ABOUT THIS EXERCISE>
Reproduce, exactly and only, the lines of the data that follows from the one containing "Xiaomi Redmi 15C" down to the one containing "dYdXの価格は今週38%上", without pictures.

PROVIDED INFORMATION>
=======

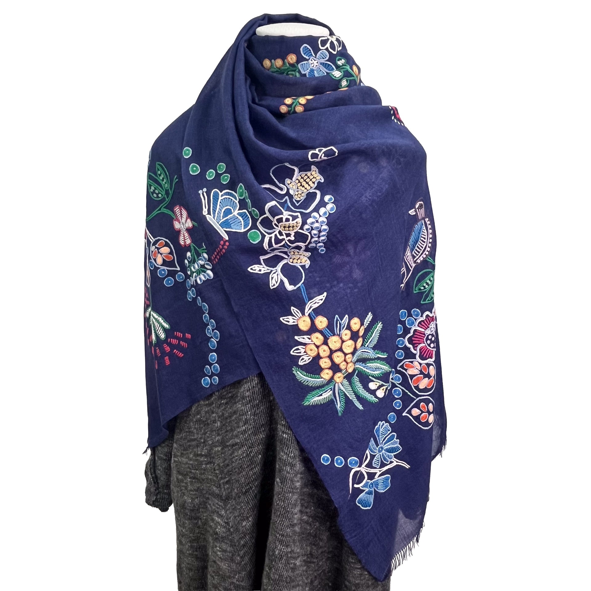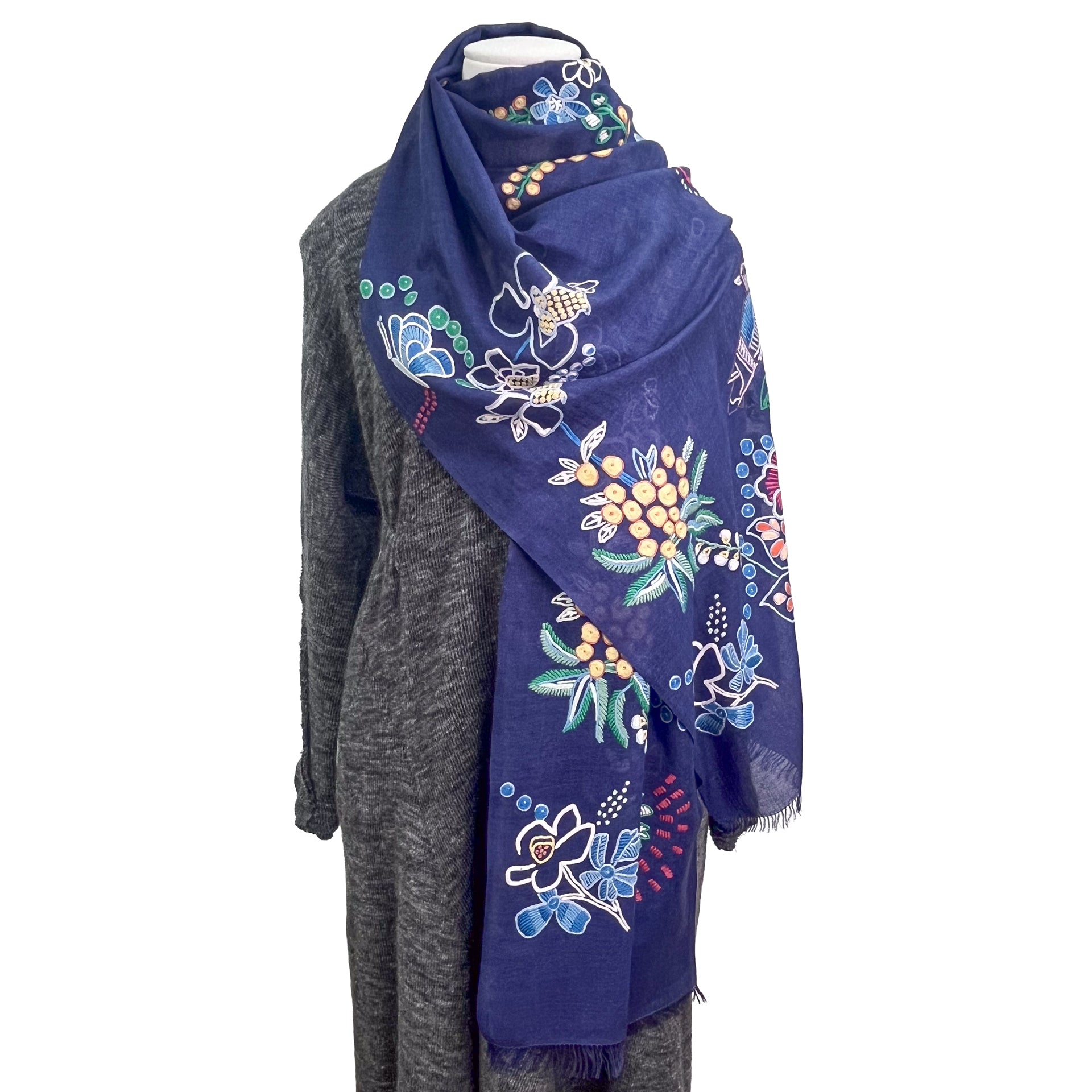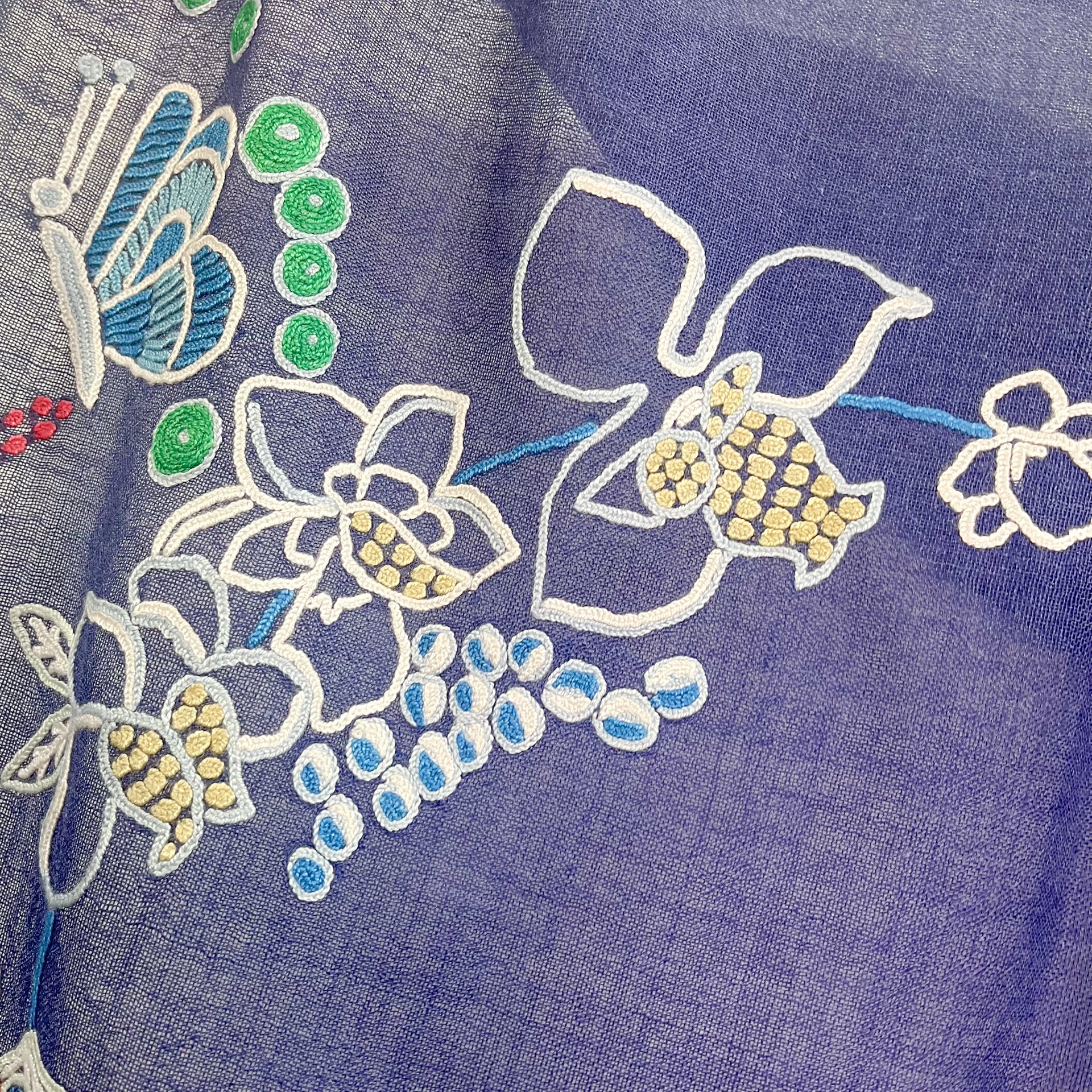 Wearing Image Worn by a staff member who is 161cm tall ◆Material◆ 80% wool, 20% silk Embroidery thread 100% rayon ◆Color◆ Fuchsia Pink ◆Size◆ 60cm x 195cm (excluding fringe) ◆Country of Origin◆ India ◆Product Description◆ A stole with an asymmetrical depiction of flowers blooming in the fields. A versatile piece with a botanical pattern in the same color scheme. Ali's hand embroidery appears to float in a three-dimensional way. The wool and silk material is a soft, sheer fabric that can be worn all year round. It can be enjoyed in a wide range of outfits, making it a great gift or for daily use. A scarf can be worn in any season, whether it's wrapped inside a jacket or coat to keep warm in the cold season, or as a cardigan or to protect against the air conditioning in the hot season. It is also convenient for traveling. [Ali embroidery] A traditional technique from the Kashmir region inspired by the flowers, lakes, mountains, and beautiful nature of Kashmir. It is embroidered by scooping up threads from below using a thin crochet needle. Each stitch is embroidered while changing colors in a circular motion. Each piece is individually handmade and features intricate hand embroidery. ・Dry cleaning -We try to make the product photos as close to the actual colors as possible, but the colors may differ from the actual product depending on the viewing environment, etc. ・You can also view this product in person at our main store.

=======

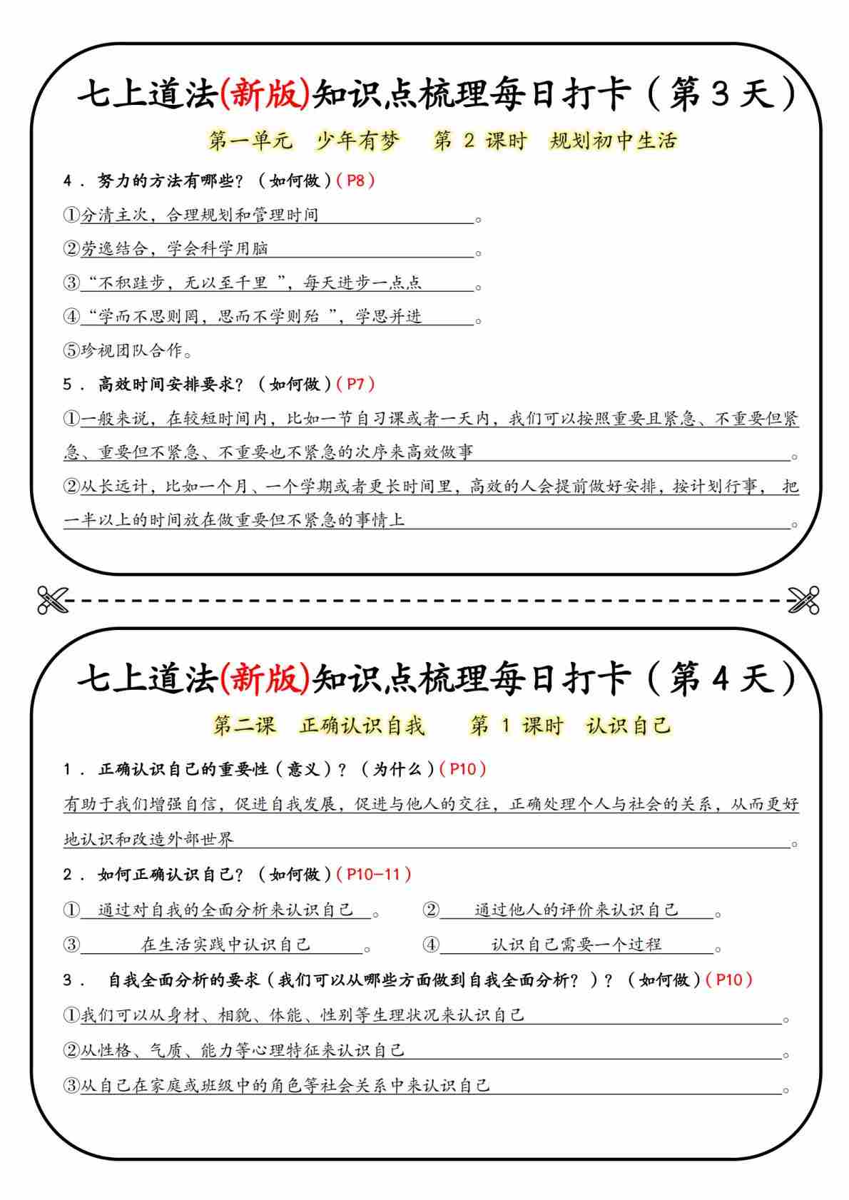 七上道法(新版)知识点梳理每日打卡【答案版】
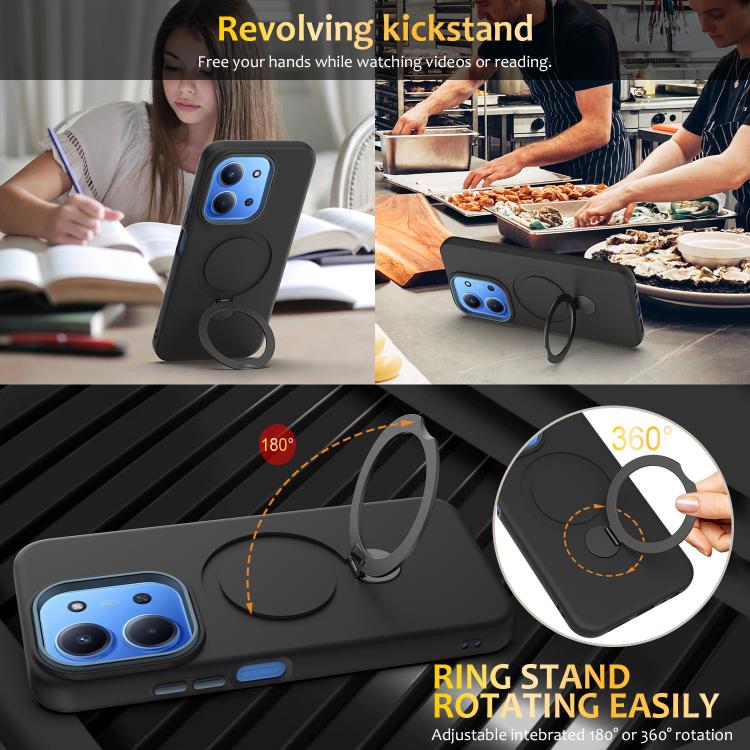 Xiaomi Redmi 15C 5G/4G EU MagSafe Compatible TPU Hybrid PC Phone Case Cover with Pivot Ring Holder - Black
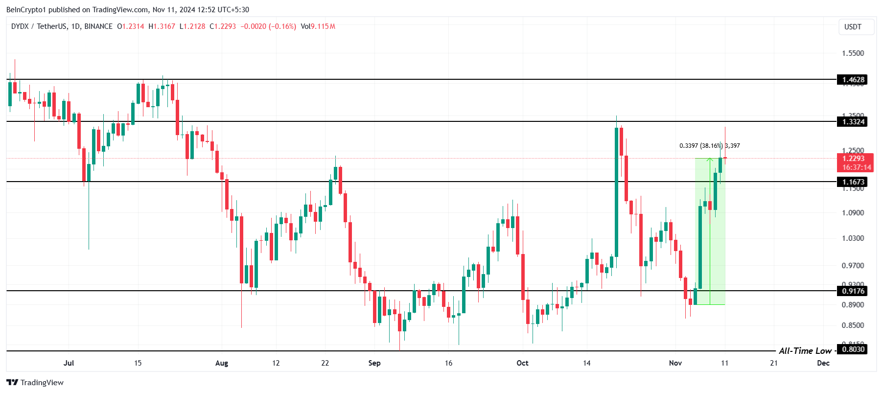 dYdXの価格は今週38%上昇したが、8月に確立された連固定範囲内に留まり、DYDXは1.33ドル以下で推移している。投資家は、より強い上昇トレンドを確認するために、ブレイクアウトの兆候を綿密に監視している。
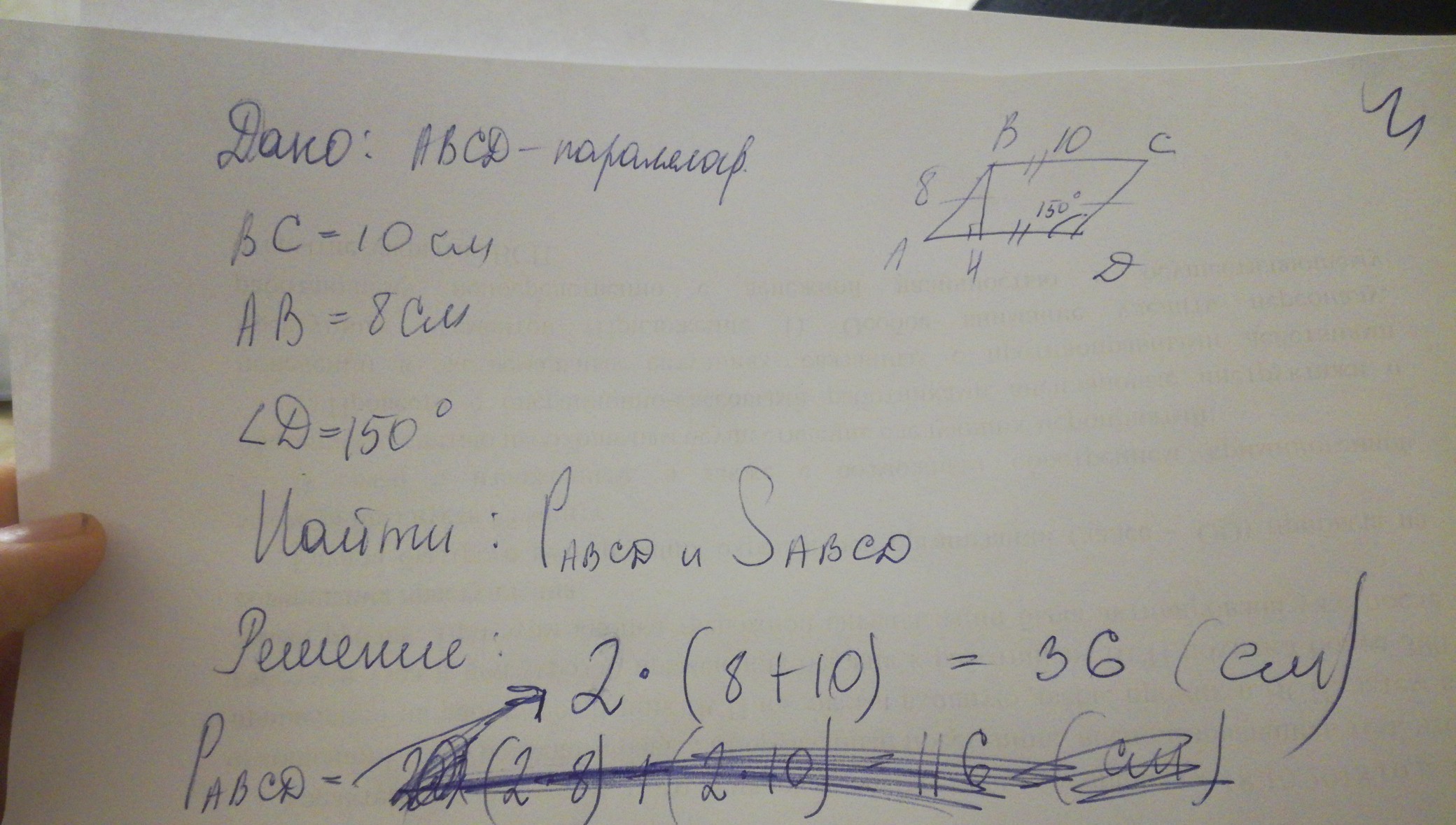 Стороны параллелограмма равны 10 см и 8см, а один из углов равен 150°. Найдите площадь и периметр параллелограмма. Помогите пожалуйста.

=======

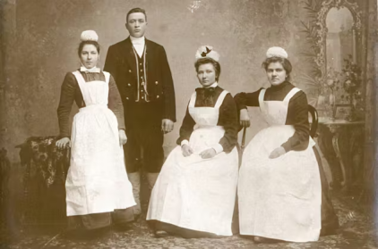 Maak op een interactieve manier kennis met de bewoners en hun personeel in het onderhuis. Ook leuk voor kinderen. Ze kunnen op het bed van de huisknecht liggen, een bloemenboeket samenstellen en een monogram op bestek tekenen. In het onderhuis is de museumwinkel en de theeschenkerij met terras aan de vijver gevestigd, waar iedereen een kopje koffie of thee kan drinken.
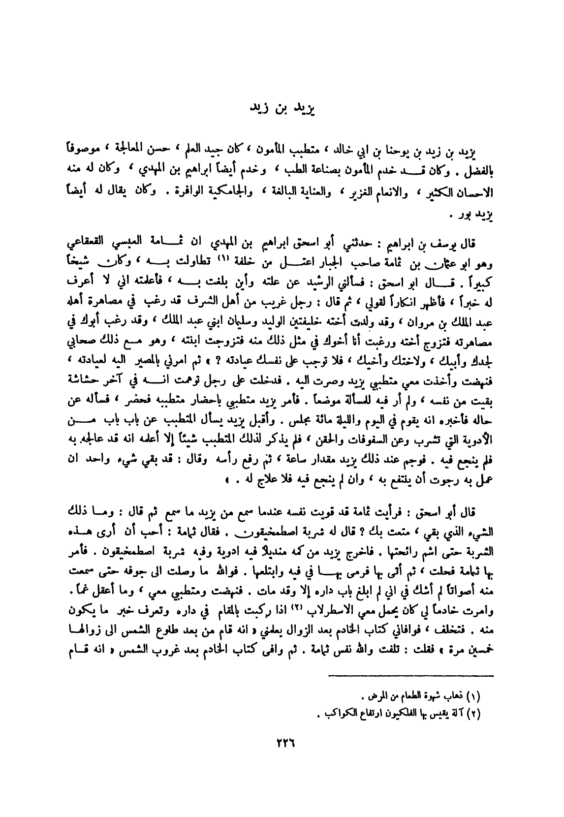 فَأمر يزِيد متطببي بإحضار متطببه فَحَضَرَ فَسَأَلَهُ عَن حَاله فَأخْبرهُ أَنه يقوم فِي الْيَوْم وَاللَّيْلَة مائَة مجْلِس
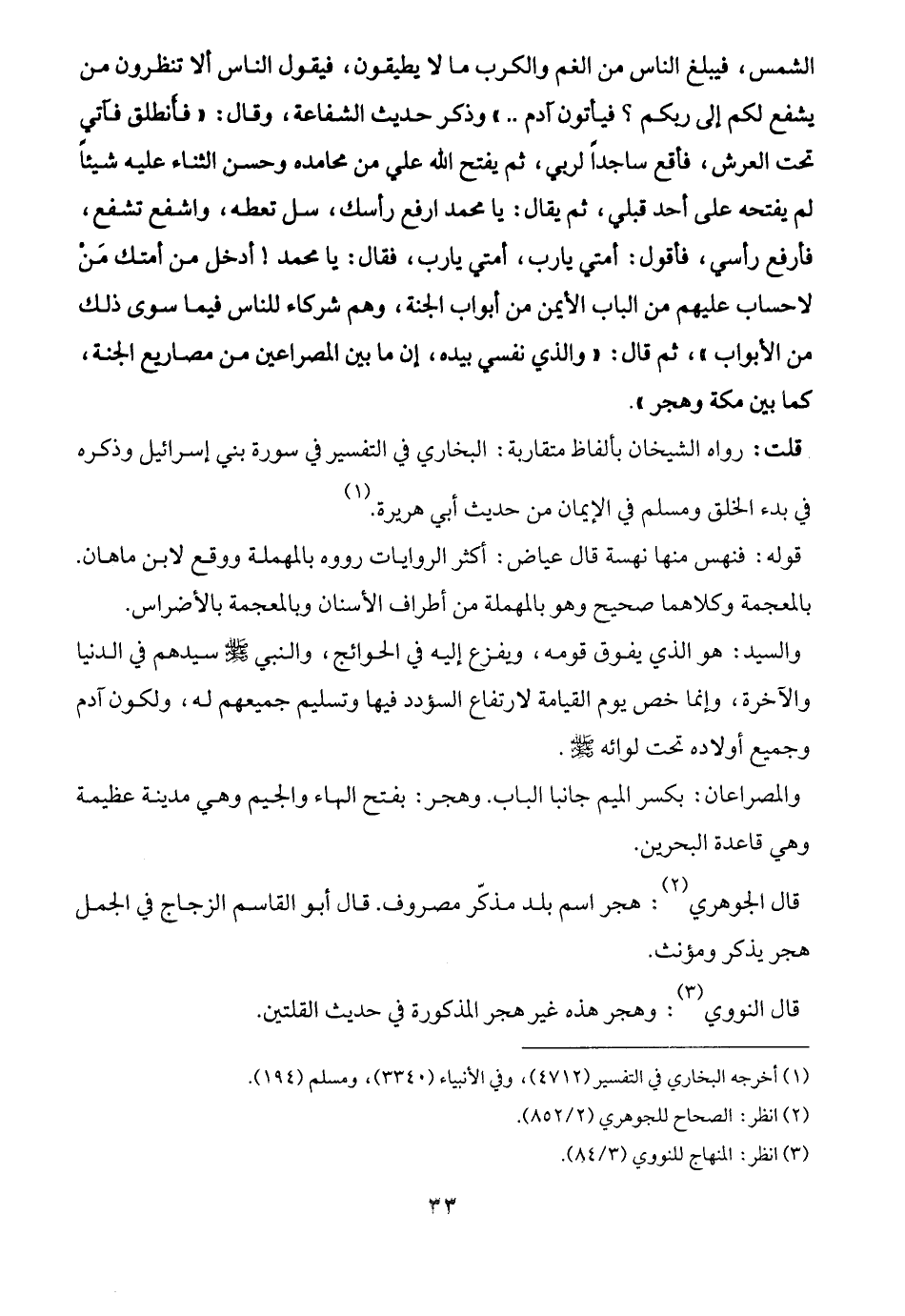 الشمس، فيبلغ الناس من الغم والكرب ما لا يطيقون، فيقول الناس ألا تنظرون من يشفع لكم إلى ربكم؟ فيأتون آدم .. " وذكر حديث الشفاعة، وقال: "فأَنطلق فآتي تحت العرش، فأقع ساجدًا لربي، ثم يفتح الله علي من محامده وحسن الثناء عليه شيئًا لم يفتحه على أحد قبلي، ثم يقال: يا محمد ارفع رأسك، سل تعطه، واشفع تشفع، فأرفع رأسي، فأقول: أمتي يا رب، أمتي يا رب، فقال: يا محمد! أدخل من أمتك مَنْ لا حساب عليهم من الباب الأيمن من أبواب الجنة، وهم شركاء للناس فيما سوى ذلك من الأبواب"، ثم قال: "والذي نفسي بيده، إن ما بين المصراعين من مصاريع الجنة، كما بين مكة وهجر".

=======

EXERCISE ANSWER>
 Xiaomi Redmi 15C 5G/4G EU MagSafe Compatible TPU Hybrid PC Phone Case Cover with Pivot Ring Holder - Black
 dYdXの価格は今週38%上昇したが、8月に確立された連固定範囲内に留まり、DYDXは1.33ドル以下で推移している。投資家は、より強い上昇トレンドを確認するために、ブレイクアウトの兆候を綿密に監視している。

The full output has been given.